[Saved data entries]
--- --- ---

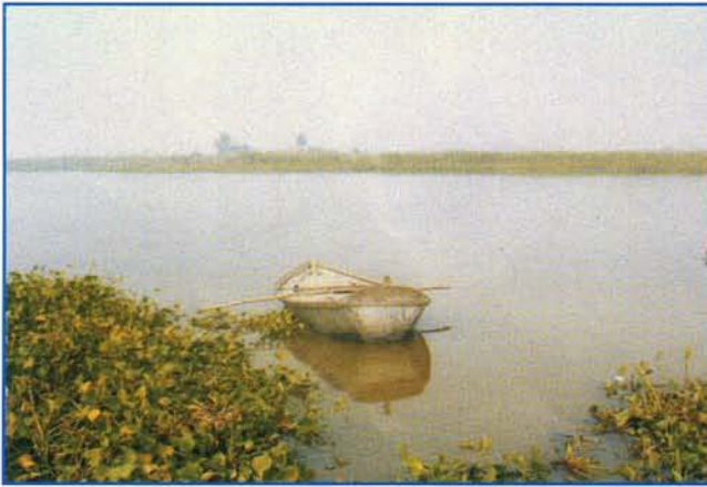
▲ महाने झील
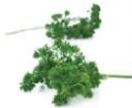
Parsley 番 faan1 荳 seoi1
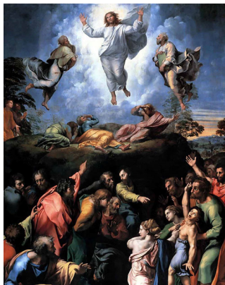
Фавор тоосунда Кудайдын көрүнүшүн өзгөрүлүш

Бул сөздөрдү айткандан кийин сегиз күндөй өткөн соң, Ыйса Петирди, Жаканды, Жакыпты ээрчитип, сыйынуу үчүн, тоого чыкты. Сыйынып жатканда, Анын жүзү өзгөрүп, кийими аппак болуп, жаркырап калды. (Лк. 9: 28-29)
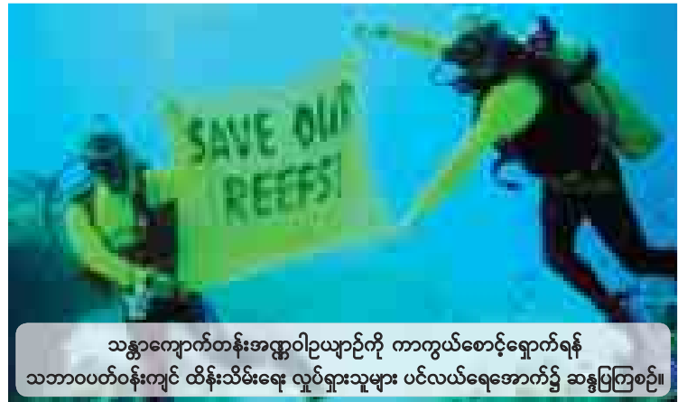
သန္တာကျောက်တန်းအန္တရာတိဥယျာဉ်ကို ကာကွယ်စောင့်ရှောက်ရန် သဘာဝပတ်ဝန်းကျင် ထိန်းသိမ်းရေး လှုပ်ရှားသူများ ပင်လယ်ရေအောက်၌ ဆန္ဒပြကြစဉ်။

မန်လာ စက်တင်ဘာ ၁၇ အမေရိကန်ရေတပ် စစ်သင်္ဘောတစ်စင်း ကြောင့် သန္တာကျောက်တန်းများ ပျက်စီးခဲ့ရမှုအတွက် ဖိလစ်ပိုင်နိုင်ငံက အမေရိကန် ထံမှ လျော်ကြေးတောင်းခံမှု ဆက်လက်ပြုလုပ် သွားမည်ဖြစ်ကြောင်း ဖိလစ်ပိုင်နိုင်ငံခြားရေး ဝန်ကြီးဌာနက ထုတ်ပြန်ကြေညာချက်တစ်ရပ် တွင် ဖော်ပြသည်။ ၂၀၁၃ ခုနှစ် ဇန်နဝါရီလက တပ်ဘာတာ ဟာ သန္တာကျောက်တန်းဒေသ၌ အမေရိကန် ရေတပ်မှ ယူအက်စ်အက်စ် ဂါဒီယန်အမည်ရှိ မိုင်းငုံရှင်းလင်းရေး သင်္ဘောသောင်တင်ခဲ့ရာမှ သန္တာကျောက်တန်းများ ပျက်စီးခဲ့ရမှုအတွက်
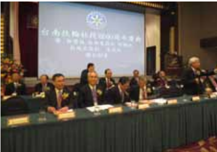
台南扶輪社創立60周年慶典 式典

--- --- ---

> _Exercise instructions_
Copy every line above word for word and exclude the pictures.

> _Result for this task_
▲ महाने झील
Parsley 番 faan1 荳 seoi1
Фавор тоосунда Кудайдын көрүнүшүн өзгөрүлүш

Бул сөздөрдү айткандан кийин сегиз күндөй өткөн соң, Ыйса Петирди, Жаканды, Жакыпты ээрчитип, сыйынуу үчүн, тоого чыкты. Сыйынып жатканда, Анын жүзү өзгөрүп, кийими аппак болуп, жаркырап калды. (Лк. 9: 28-29)
သန္တာကျောက်တန်းအန္တရာတိဥယျာဉ်ကို ကာကွယ်စောင့်ရှောက်ရန် သဘာဝပတ်ဝန်းကျင် ထိန်းသိမ်းရေး လှုပ်ရှားသူများ ပင်လယ်ရေအောက်၌ ဆန္ဒပြကြစဉ်။

မန်လာ စက်တင်ဘာ ၁၇ အမေရိကန်ရေတပ် စစ်သင်္ဘောတစ်စင်း ကြောင့် သန္တာကျောက်တန်းများ ပျက်စီးခဲ့ရမှုအတွက် ဖိလစ်ပိုင်နိုင်ငံက အမေရိကန် ထံမှ လျော်ကြေးတောင်းခံမှု ဆက်လက်ပြုလုပ် သွားမည်ဖြစ်ကြောင်း ဖိလစ်ပိုင်နိုင်ငံခြားရေး ဝန်ကြီးဌာနက ထုတ်ပြန်ကြေညာချက်တစ်ရပ် တွင် ဖော်ပြသည်။ ၂၀၁၃ ခုနှစ် ဇန်နဝါရီလက တပ်ဘာတာ ဟာ သန္တာကျောက်တန်းဒေသ၌ အမေရိကန် ရေတပ်မှ ယူအက်စ်အက်စ် ဂါဒီယန်အမည်ရှိ မိုင်းငုံရှင်းလင်းရေး သင်္ဘောသောင်တင်ခဲ့ရာမှ သန္တာကျောက်တန်းများ ပျက်စီးခဲ့ရမှုအတွက်
台南扶輪社創立60周年慶典 式典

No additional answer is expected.